▶ YOUR OBJECTIVE
Transcribe each record exactly, but omit pictures.

*** Opening of DATASET ***

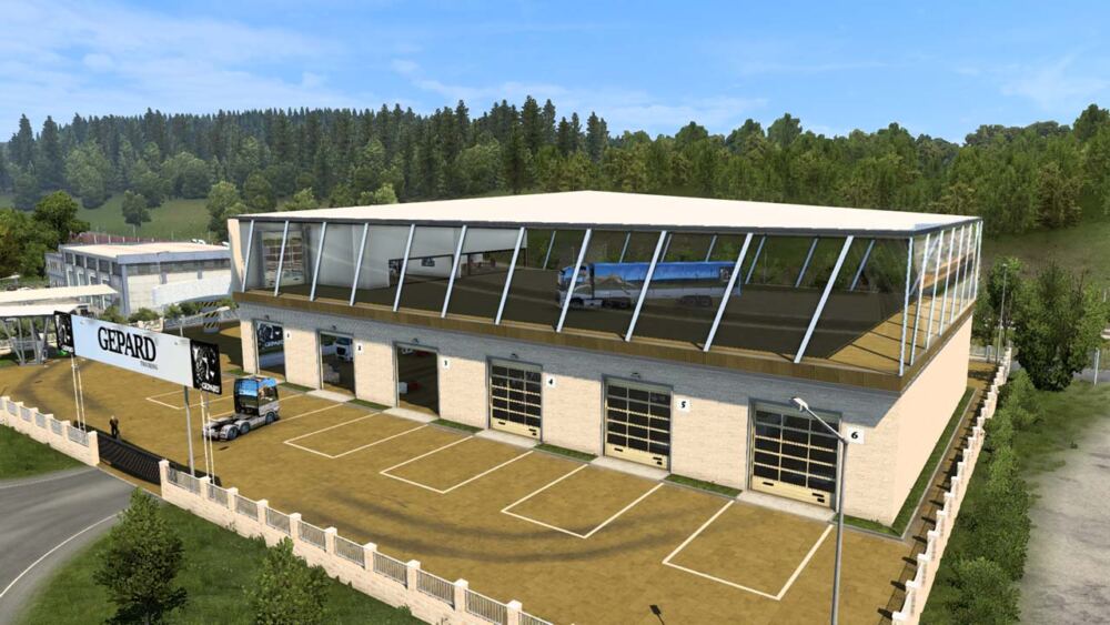 Update: v2024.1 -Fix Bug on DLC West Balkans Pack includes: -Expensive Garage Scandinavia D-Deck -Company Player Logo What you get Expensive Garage Scandinavia D-Deck changes – Completely revised design inside and out – Whole area passable inside and outside – Illuminated company logo – 9 gates that can all be opened and driven on – Second exit gate in the rear wall of the hall – Workshop: 3 ramps, 2 passable, 2 with random truck allocation – Workshop: workshop pit – driveway to the second floor – 5 parking spaces with random vehicles – New gas station – Automatic roller shutter at site entry / exit – Animated workers, guard and dogs – Sitting area with pictures and calendar – second floor with Rolling gate entry-exit Office with staff and conference room Storage area for trucks and trailers Panoramic view of the city Main Mod: Credits: Swini Credits: Swini |
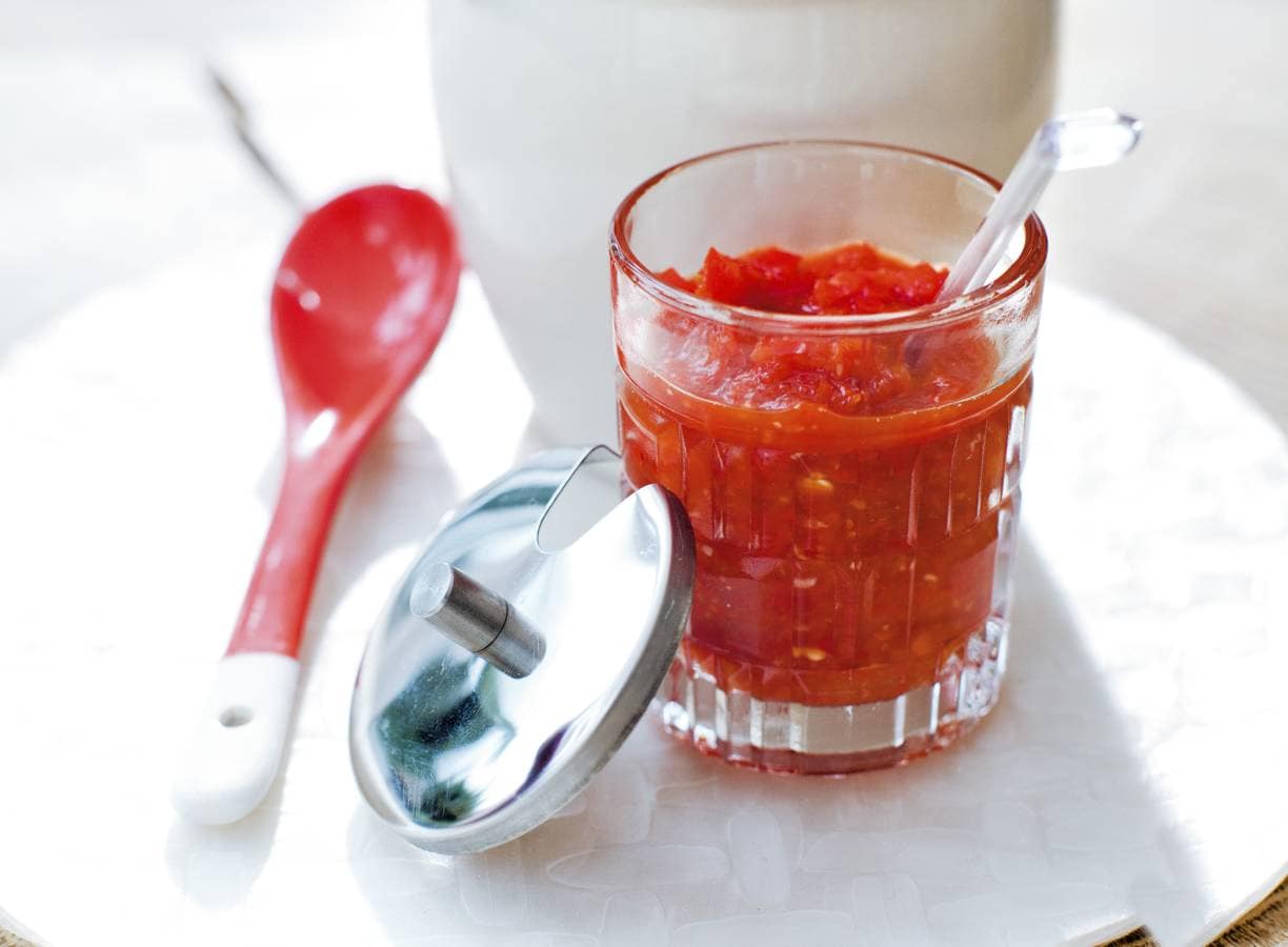 Snijd het steeltje van de pepers. Halveer de pepers in de lengte en verwijder met een scherp mesje de zaadlijsten. Snijd in stukken en doe in het bakje van de staafmixer. Voeg de vissaus, het limoensap, basterdsuiker en de knoflook toe. Maal met de staafmixer fijn tot een pasta. U kunt de sambal 3 dagen van tevoren bereiden. Bewaar afgedekt in een bakje in de koelkast.
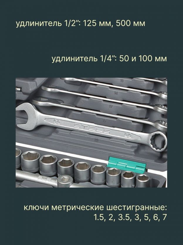 - ключ трещоточный (2 шт): 1/2", 1/4";
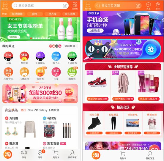 左國內(nèi)版淘寶,右海外版淘寶 Lite
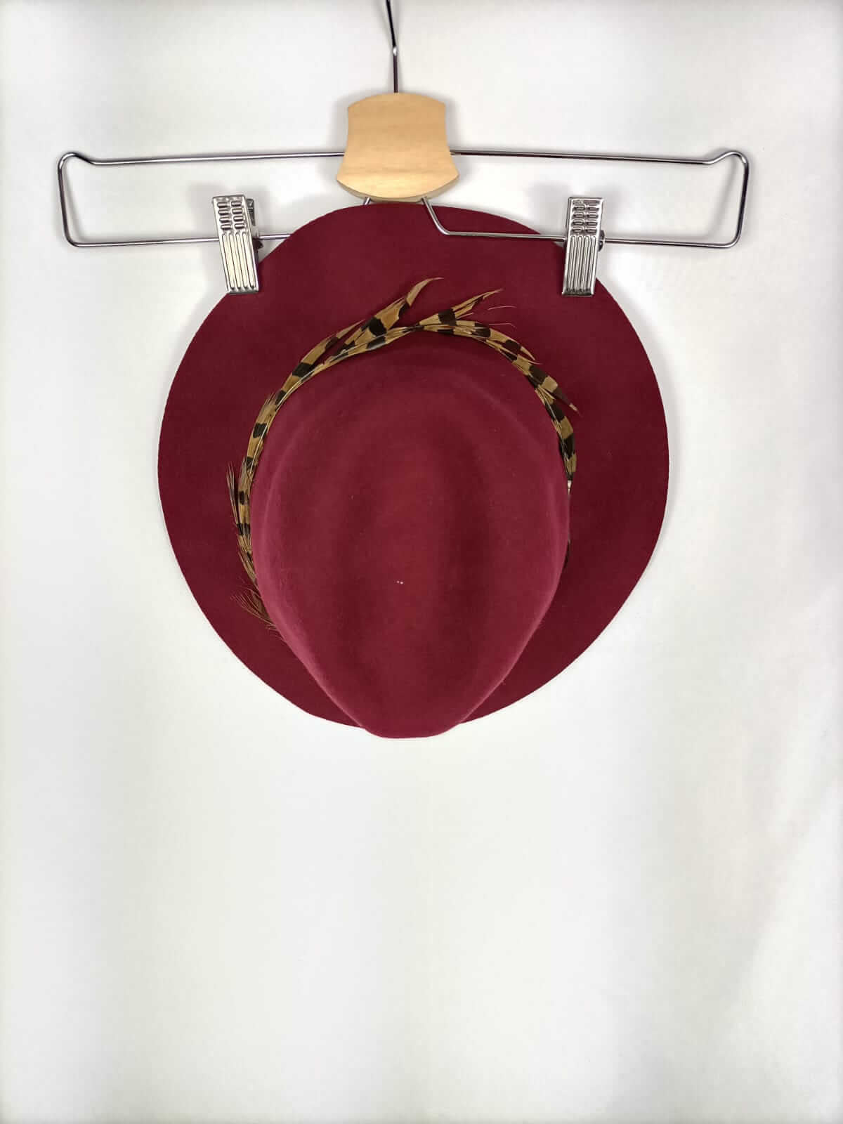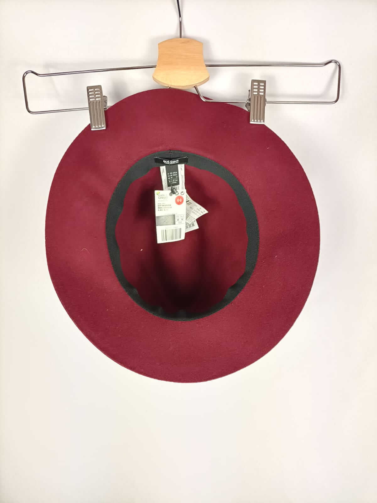 Mango. Tu. NUEVO CON ETIQUETA. Sombrero paño burdeos con plumas. Diámetro 57 cm. 29,99 euros
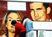 | Children complete a giant puzzle of Princess Letizia Ortiz and Prince Felipe in Madrid. (Reuters) |
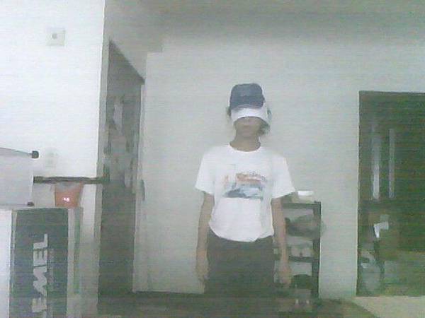 2012年網路藝人魚兒男子版本(Boy Ver.)猴子魚的服裝照,看到頭戴藍色的帽子,紙遮著臉,穿著白色的短袖上衣和棕色短褲。
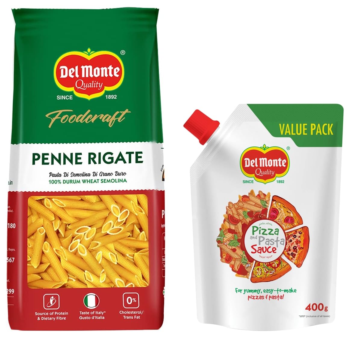 Del Monte FoodCraft Penne Pasta 100% Durum Wheat Semolina 1kgMade using fine quality durum wheat semolina it is ideal for a quick snack as part of a healthy salad in kids’ tiffin-boxes or a complete meal for the family.Del Monte Pizza & Pasta Sauce Spout Pack 400gRich flavourful and multi-purpose pizza and pasta sauce to whip up delectable pizzas and pasta right in your kitchen! Now in an easy-to-handle spout pack that offers great convenience and value-for-money.

*** Close of DATASET ***

▶ TASK RESPONSE
 Update: v2024.1 -Fix Bug on DLC West Balkans Pack includes: -Expensive Garage Scandinavia D-Deck -Company Player Logo What you get Expensive Garage Scandinavia D-Deck changes – Completely revised design inside and out – Whole area passable inside and outside – Illuminated company logo – 9 gates that can all be opened and driven on – Second exit gate in the rear wall of the hall – Workshop: 3 ramps, 2 passable, 2 with random truck allocation – Workshop: workshop pit – driveway to the second floor – 5 parking spaces with random vehicles – New gas station – Automatic roller shutter at site entry / exit – Animated workers, guard and dogs – Sitting area with pictures and calendar – second floor with Rolling gate entry-exit Office with staff and conference room Storage area for trucks and trailers Panoramic view of the city Main Mod: Credits: Swini Credits: Swini |
 Snijd het steeltje van de pepers. Halveer de pepers in de lengte en verwijder met een scherp mesje de zaadlijsten. Snijd in stukken en doe in het bakje van de staafmixer. Voeg de vissaus, het limoensap, basterdsuiker en de knoflook toe. Maal met de staafmixer fijn tot een pasta. U kunt de sambal 3 dagen van tevoren bereiden. Bewaar afgedekt in een bakje in de koelkast.
 - ключ трещоточный (2 шт): 1/2", 1/4";
 左國內(nèi)版淘寶,右海外版淘寶 Lite
 Mango. Tu. NUEVO CON ETIQUETA. Sombrero paño burdeos con plumas. Diámetro 57 cm. 29,99 euros
 | Children complete a giant puzzle of Princess Letizia Ortiz and Prince Felipe in Madrid. (Reuters) |
 2012年網路藝人魚兒男子版本(Boy Ver.)猴子魚的服裝照,看到頭戴藍色的帽子,紙遮著臉,穿著白色的短袖上衣和棕色短褲。
 Del Monte FoodCraft Penne Pasta 100% Durum Wheat Semolina 1kgMade using fine quality durum wheat semolina it is ideal for a quick snack as part of a healthy salad in kids’ tiffin-boxes or a complete meal for the family.Del Monte Pizza & Pasta Sauce Spout Pack 400gRich flavourful and multi-purpose pizza and pasta sauce to whip up delectable pizzas and pasta right in your kitchen! Now in an easy-to-handle spout pack that offers great convenience and value-for-money.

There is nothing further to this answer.